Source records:
········

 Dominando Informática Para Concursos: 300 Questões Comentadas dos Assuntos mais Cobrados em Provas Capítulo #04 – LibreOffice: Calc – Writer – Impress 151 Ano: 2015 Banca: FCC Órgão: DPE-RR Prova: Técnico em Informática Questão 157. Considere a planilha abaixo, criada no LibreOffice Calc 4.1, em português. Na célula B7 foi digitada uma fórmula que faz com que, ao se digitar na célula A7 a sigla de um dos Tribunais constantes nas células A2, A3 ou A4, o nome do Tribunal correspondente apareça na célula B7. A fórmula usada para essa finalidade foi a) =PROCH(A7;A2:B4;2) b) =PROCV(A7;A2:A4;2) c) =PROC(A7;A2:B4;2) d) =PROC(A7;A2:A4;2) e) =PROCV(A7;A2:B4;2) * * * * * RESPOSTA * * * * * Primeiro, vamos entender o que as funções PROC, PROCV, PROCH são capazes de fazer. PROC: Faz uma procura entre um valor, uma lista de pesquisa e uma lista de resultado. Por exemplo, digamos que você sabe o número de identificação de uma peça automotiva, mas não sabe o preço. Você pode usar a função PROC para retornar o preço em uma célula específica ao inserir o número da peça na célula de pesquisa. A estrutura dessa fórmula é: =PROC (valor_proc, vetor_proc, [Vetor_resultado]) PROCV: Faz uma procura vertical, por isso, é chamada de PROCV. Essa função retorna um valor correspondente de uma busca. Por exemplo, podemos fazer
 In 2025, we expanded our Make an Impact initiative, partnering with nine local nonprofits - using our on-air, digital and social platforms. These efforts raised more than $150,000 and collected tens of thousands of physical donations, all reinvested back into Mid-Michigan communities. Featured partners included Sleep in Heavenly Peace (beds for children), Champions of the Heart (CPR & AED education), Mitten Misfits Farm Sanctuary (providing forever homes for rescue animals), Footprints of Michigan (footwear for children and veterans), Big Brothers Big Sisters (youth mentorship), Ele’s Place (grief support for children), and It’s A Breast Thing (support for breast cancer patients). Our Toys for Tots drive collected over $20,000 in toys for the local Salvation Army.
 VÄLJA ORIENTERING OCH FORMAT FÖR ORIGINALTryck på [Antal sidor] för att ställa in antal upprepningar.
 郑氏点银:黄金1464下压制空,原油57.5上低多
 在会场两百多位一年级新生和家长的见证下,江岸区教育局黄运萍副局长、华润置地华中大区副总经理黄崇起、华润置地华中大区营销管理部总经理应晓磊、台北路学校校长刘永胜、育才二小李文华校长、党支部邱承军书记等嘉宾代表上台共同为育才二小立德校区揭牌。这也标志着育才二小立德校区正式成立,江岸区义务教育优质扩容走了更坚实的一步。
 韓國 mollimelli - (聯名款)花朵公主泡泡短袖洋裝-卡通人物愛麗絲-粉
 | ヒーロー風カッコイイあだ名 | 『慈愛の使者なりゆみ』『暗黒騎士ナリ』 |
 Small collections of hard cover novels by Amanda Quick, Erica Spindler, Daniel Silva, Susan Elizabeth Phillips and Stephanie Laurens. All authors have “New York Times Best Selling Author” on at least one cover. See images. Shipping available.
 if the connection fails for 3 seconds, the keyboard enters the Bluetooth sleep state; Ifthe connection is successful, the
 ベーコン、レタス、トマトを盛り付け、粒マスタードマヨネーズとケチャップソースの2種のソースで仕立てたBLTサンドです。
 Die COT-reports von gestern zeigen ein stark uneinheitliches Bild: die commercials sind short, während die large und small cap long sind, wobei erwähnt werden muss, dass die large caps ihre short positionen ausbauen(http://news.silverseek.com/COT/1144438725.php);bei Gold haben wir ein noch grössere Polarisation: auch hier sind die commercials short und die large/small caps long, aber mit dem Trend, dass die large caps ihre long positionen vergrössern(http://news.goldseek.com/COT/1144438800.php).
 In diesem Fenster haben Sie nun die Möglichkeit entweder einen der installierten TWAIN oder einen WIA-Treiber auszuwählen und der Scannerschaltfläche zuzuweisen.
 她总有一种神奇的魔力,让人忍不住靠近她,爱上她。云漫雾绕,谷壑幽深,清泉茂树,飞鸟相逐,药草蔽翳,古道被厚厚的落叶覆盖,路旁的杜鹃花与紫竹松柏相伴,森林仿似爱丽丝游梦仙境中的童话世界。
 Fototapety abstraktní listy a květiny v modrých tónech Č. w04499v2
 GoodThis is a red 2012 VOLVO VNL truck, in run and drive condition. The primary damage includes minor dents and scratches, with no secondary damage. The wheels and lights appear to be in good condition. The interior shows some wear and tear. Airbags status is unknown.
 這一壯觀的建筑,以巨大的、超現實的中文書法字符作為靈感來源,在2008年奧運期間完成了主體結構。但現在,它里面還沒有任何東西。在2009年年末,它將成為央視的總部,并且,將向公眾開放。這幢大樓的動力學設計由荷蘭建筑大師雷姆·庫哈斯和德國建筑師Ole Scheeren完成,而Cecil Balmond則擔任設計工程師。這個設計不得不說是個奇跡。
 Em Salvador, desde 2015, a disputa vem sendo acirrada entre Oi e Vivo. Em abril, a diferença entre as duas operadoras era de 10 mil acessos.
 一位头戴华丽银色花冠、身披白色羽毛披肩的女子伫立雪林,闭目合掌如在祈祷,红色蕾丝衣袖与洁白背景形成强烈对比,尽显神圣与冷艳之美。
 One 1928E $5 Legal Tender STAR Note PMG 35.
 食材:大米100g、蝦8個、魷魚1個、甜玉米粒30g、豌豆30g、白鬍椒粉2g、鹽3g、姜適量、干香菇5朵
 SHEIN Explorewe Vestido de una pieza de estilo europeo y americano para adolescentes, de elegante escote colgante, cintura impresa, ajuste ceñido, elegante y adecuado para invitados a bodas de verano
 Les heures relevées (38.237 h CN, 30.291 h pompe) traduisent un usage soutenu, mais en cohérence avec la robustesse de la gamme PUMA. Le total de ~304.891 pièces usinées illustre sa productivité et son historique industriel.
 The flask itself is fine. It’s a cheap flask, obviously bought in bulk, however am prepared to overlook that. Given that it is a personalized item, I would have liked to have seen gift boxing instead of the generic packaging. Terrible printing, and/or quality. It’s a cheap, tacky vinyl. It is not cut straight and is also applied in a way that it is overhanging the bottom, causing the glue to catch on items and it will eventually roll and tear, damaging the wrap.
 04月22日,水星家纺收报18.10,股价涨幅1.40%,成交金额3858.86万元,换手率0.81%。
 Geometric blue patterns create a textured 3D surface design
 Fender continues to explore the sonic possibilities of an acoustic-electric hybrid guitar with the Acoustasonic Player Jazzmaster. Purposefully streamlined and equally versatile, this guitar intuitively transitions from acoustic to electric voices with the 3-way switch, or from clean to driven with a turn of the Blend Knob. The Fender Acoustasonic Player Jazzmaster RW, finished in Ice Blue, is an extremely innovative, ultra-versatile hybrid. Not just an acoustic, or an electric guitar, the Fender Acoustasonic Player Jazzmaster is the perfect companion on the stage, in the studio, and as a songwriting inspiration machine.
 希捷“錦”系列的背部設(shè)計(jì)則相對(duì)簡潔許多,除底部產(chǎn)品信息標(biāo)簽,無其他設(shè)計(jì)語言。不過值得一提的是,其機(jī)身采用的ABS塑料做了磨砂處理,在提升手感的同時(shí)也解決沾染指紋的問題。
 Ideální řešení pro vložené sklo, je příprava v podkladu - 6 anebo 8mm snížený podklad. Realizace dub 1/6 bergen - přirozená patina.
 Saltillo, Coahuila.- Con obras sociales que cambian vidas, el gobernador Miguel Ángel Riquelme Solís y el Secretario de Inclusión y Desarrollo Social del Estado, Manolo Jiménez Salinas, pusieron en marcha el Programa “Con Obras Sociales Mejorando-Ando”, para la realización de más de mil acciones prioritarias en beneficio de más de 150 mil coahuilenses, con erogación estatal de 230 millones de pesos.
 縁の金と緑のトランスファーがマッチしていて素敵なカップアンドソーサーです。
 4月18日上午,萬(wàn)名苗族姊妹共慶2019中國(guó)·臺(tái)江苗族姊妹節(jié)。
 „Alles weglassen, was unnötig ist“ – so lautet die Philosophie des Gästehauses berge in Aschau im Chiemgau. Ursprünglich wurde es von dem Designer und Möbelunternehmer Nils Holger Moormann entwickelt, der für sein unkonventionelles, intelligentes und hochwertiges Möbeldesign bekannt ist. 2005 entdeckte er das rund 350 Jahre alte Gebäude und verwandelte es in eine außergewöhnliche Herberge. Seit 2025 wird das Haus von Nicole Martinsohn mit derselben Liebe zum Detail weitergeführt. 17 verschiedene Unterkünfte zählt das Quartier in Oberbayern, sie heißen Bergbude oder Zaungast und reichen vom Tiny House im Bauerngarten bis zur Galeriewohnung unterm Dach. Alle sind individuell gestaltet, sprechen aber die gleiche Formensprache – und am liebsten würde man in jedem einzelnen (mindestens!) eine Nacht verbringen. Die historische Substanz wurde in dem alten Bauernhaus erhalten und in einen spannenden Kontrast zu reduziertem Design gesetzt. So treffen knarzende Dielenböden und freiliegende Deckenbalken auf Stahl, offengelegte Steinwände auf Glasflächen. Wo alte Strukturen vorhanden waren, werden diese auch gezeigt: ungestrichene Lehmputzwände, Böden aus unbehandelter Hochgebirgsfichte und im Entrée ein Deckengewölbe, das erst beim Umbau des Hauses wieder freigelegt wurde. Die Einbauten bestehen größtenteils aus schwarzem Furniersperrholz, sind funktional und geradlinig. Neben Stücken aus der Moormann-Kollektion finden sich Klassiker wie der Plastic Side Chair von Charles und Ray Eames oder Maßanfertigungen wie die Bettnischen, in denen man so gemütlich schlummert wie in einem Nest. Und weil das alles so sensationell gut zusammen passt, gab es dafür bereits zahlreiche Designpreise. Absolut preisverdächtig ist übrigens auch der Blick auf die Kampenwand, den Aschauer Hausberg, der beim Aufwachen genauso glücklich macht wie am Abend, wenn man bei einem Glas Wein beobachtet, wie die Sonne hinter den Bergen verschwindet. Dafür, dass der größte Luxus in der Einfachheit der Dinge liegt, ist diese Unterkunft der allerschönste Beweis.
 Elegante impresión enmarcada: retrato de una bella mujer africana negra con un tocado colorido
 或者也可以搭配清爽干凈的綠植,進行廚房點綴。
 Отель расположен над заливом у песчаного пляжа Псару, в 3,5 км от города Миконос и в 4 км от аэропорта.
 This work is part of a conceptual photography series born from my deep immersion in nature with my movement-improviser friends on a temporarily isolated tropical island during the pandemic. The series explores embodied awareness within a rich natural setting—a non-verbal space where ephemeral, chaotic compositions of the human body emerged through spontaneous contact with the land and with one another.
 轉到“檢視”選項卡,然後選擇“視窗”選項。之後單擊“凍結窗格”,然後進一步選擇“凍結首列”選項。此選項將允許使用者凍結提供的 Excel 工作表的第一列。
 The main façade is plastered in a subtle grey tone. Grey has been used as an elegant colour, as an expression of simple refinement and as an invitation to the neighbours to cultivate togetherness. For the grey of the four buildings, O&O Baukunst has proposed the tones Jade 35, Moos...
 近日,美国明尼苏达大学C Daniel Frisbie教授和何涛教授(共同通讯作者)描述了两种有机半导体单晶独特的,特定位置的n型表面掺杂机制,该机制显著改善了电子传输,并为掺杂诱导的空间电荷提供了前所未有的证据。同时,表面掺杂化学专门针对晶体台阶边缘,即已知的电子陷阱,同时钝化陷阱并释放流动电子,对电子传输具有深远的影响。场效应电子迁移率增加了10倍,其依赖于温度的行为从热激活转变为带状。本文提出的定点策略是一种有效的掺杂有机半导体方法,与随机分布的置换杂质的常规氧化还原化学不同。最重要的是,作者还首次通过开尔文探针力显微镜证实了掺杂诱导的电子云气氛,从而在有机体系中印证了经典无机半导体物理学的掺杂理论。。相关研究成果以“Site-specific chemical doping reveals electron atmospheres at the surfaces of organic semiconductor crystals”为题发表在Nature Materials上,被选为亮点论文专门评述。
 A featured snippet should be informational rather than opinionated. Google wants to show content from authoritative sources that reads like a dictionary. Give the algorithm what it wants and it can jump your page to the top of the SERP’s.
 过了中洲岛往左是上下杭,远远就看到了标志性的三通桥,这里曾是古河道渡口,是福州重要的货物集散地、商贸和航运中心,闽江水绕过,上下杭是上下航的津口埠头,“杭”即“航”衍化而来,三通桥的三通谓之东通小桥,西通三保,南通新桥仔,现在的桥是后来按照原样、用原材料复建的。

········

**What to do**.
Copy each line of the data that includes the word "tear".

**Reply to the exercise**.
 GoodThis is a red 2012 VOLVO VNL truck, in run and drive condition. The primary damage includes minor dents and scratches, with no secondary damage. The wheels and lights appear to be in good condition. The interior shows some wear and tear. Airbags status is unknown.
 The flask itself is fine. It’s a cheap flask, obviously bought in bulk, however am prepared to overlook that. Given that it is a personalized item, I would have liked to have seen gift boxing instead of the generic packaging. Terrible printing, and/or quality. It’s a cheap, tacky vinyl. It is not cut straight and is also applied in a way that it is overhanging the bottom, causing the glue to catch on items and it will eventually roll and tear, damaging the wrap.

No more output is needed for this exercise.